Ein zentraler Ansatzpunkt ist die landwirtschaftliche Sequestrierung, also die Speicherung von CO₂ im Boden. Nestlé arbeitet hierfür im Kanton Waadt mit dem WWF im Projekt "AgroImpact" zusammen. Dieses Projekt reduziert Emissionen auf Bauernhöfen und fördert gleichzeitig die CO₂-Speicherung. Solche Initiativen sind entscheidend, um das Netto-Null-Ziel zu erreichen.

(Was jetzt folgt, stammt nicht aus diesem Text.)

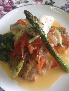 今日の料理は「岩手県産地鶏のソテー、バスク風」です。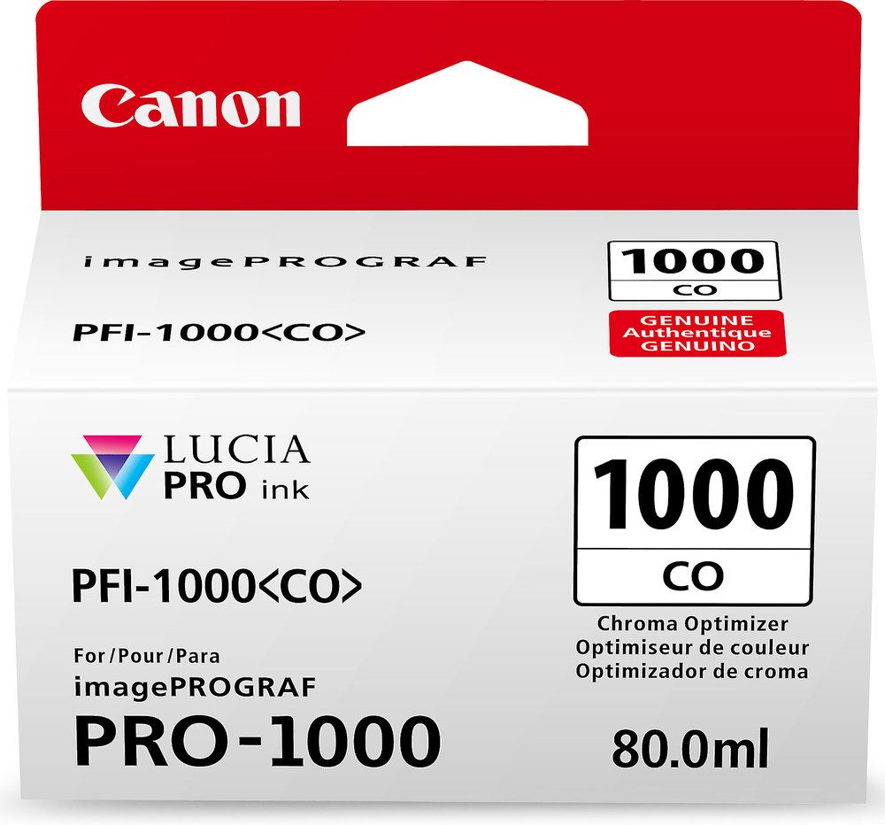 Originálna atramentová kazeta (cartridge) Canon PFI-1000CO vo farbe optimalizátor farieb (color optimalizer). Jeho kapacita je 680 strán. Cartridge od výrobcu Canon spĺňa medzinárodné štandardy, vďaka čomu je garantovaná vysoká kvalita tlače.

Klimapunktesystem für nachhaltige Transformation
Auch die Labelorganisation IP-Suisse, mit rund 18'000 Mitgliedern und 10'000 Label-Produzenten eine der bedeutendsten Produzentenorganisationen der Schweiz, setzt auf Nachhaltigkeit. Seit 2021 verpflichtet IP-Suisse ihre Betriebe zu einem Klimapunktesystem. Dieses System erfasst die Klimawirkung der Produktion, ohne die Landwirte mit umfangreicher Datensammlung zu belasten.
Geschäftsführer Christophe Eggenschwiler betonte, dass dies ein zentraler Faktor bei der Entwicklung des Online-Tools war. Die Landwirte sollen nicht zusätzlich mit administrativer Arbeit überlastet werden. Die Resonanz auf das Tool ist positiv. IP-Suisse erhielt 700 proaktive Vorschläge von Bauern für Klimamassnahmen, was die Akzeptanz und das Engagement der Mitglieder unterstreicht.

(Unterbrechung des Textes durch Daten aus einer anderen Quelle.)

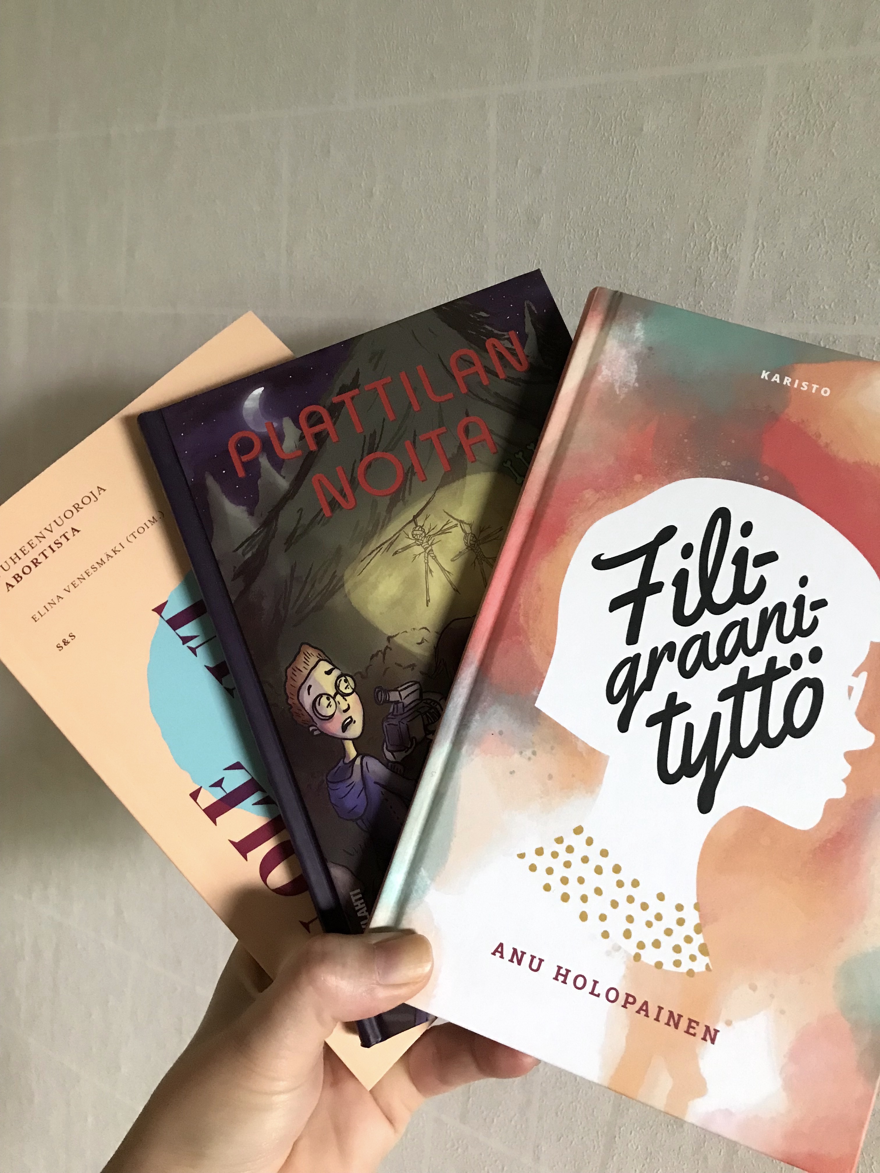 Kevään mittaan ilmestyivät myös kolme neljästä edellisen postauksen kirjoista: IIK!-sarjan 5. osa Plattilan noita, nuortenromaani Filigraanityttö sekä aborttia käsittelevä tietokirja En ole kertonut tästä kenellekään. Novellikokoelman Likainen tusina taitto on käynyt jo jokin aika sitten tarkistettavana, joten sekin ehtinee kauppojen ja kirjastojen hyllyille aikataulussa aivan tuotapikaa.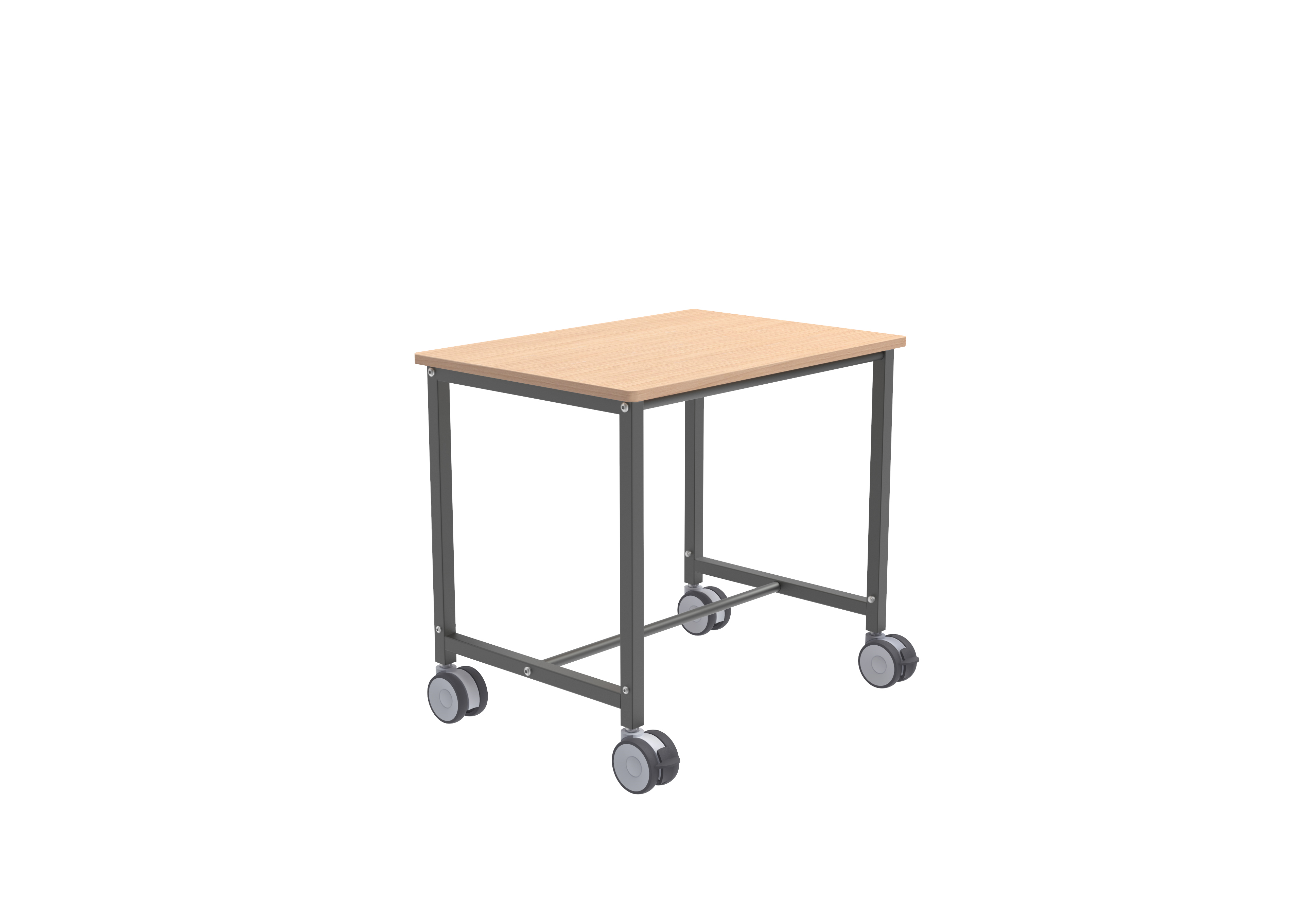 Ajustable en hauteur, 720-1100 par pas de 50 mm. Roues: 4 roulettes pivotantes dont 2 avec freins. Diamètre des roulettes: 100 mm.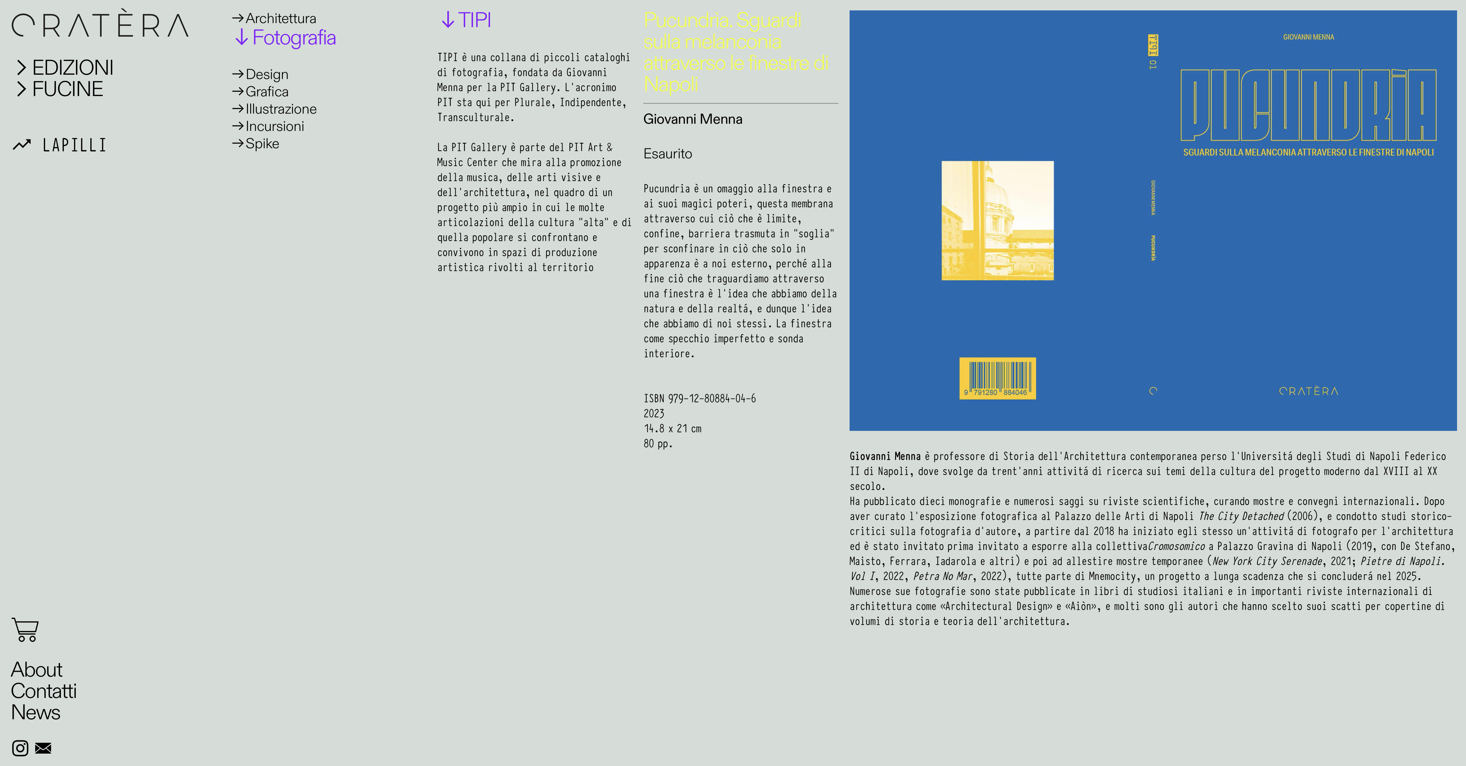 Design del sito web della casa editrice Cratéra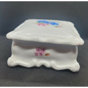 The Vintage Rosenthal SELB Germany Rectangular Floral Jewelry Trinket Treasure Box is a small ceramic and porcelain trinket box featuring a glossy finish. Made in Germany by the renowned brand Rosenthal, this collectible item showcases a floral pattern in multicolor and a rectangular shape. Ideal for storing jewelry or other small treasures, this decorative piece adds a touch of elegance and charm to any space with its flower subject and intricate design.
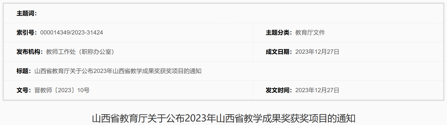 近日,山西省教育厅发布了《山西省教育厅关于公布2023年山西省教学成果奖获奖项目的通知》,公司李彩霞副教授等人完成的《五维三效:传媒数智化驱动下的新闻传播专业课程协同建设与实践》获本科生教学成果奖特等奖,这是FUN88乐天使自建院以来教学成果奖项首次突破。

Globale Ernährungssicherheit: Ein Verteilungsproblem
Prof. Dr. Henrik Nordborg, Studiengangleiter Erneuerbare Energien und Umwelttechnik an der OST, stellte die provokante Frage: "Wie viel Essen verträgt die Welt?" Er hinterfragte, ob die Menschheit sich ernähren kann, ohne den Planeten zu zerstören. Seine Antwort liegt in nachhaltigen Lösungen, die eng mit der globalen Versorgungssicherheit verknüpft sind.

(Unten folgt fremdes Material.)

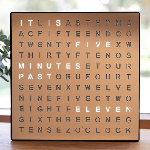 This LED clock swaps numbers for illuminated words, creating a sleek, conversation-starting alternative to traditional timepieces. It spells out time in five minute increments, and in phrases like “It is fifteen past eleven,” making it look like a piece of contemporary art. With its copper face and minimalist font, it’s a stylish, modern accent for any desk or nightstand.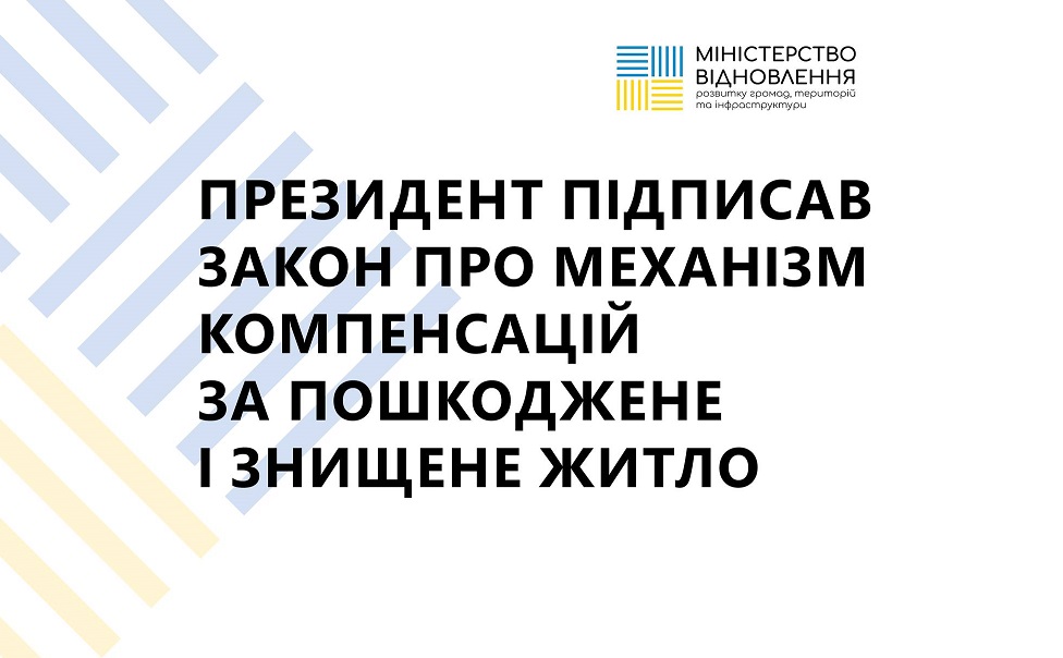 Президент України Володимир Зеленський підписав Закон України, який запроваджує можливість компенсації за знищене та пошкоджене житло, - повідомили в Міністерстві розвитку громад, територій та інфраструктури України .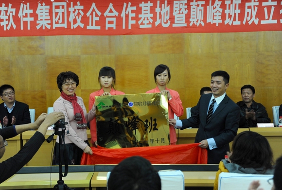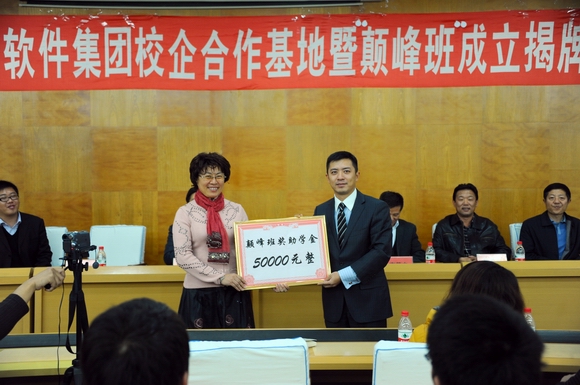 在热烈的掌声中,副校长郑喜群和颠峰软件集团总裁吴剑为LETOU国际米兰官网与颠峰软件集团校企合作基地成立揭牌;通信与电子工程学院常务副院长姚仲敏和颠峰软件集团总裁吴剑先生为“颠峰班”成立揭牌;颠峰软件集团总裁吴剑为首届“颠峰班”颁发奖助学金伍万元。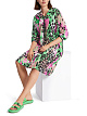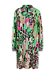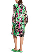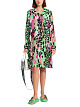 Яркое платье с принтом выполнено из вискозы. Дополнено длинными рукавами с контрастными манжетами, V-образным вырезом, регулируемым с помощью кулиски. Такое платье разнообразит ваш повседневный гардероб.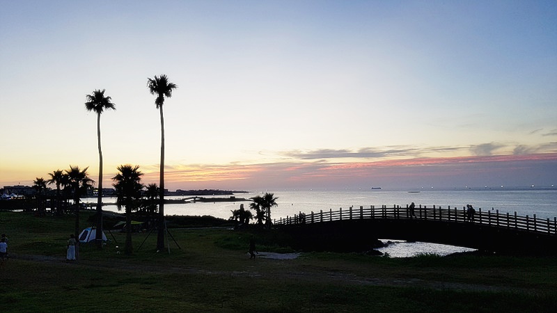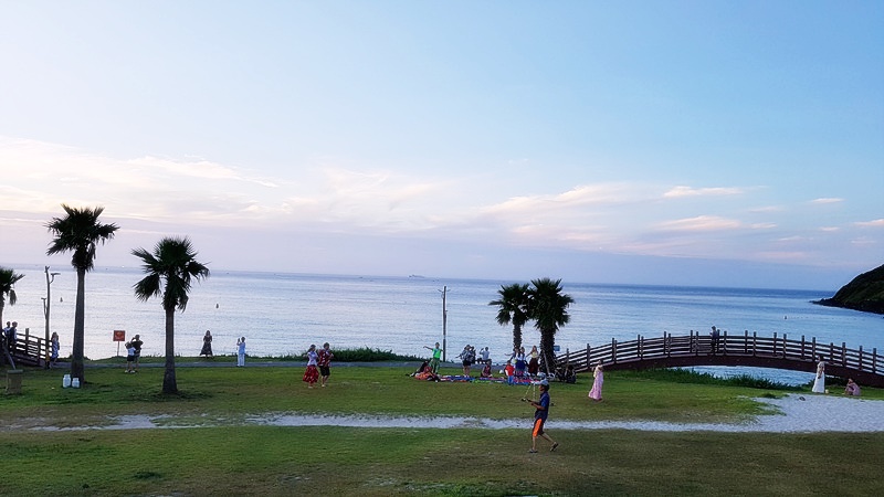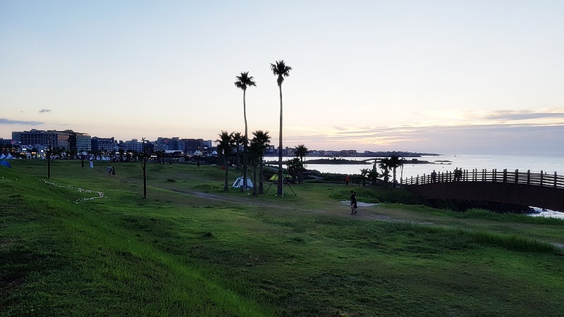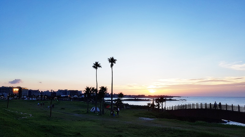 야자수 때문에 더욱 이국적인 정취를 물씬나게 만드는 함덕해변... 일몰이 시작될 무렵에는 이렇듯 많은 분들이 찾아오는 곳이기도 하지요.. 아마도 한낮 따가운 햇살을 뒤로하고 선선한 저녁시간을 즐기기 위함일 겁니다.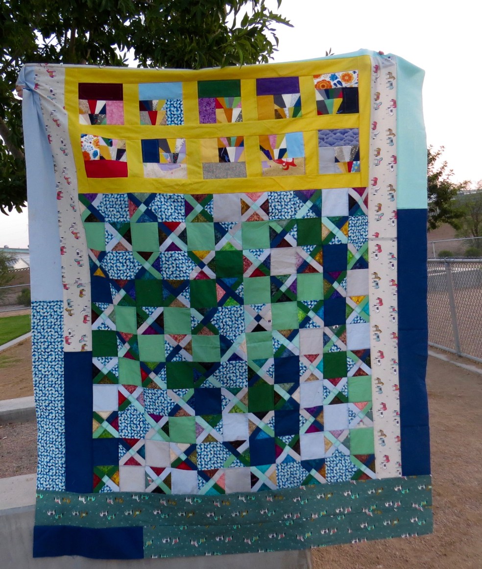Honestly, sitting close to this quilt top since April, I don’t know if I’m ready to look at it as a whole. And really, it isn’t complete, because I have to add quilting, backing, and binding. Overall, I like the movement and the quilt top.

Eine Studie aus dem Jahr 2019 prognostiziert einen Anstieg der Nachfrage nach Lebensmitteln um 50 Prozent bis 2050. Die dafür benötigte Ackerfläche würde der doppelten Fläche Indiens entsprechen. Nordborg sieht den dringenden Handlungsbedarf jedoch nicht primär in der Bereitstellung von Ackerfläche, sondern in der Produktion von Nahrungsmitteln für einkommensschwache Bevölkerungsgruppen.
Diese Produktion lohnt sich marktwirtschaftlich oft kaum. Daher sind finanzielle Anreizsysteme notwendig, um die Grundversorgung sicherzustellen. Nordborg betonte: "Das Gespenst der Unterernährung ist zurück." Er schlussfolgerte, dass Essen in erster Linie ein Verteilungsproblem und kein Produktionsproblem ist. Diese Erkenntnis fordert ein Umdenken in globalen Strategien zur Ernährungssicherheit.
Zukunftsweisende Zahlen
Die globale Nachfrage nach Lebensmitteln wird bis 2050 voraussichtlich um 50 Prozent steigen.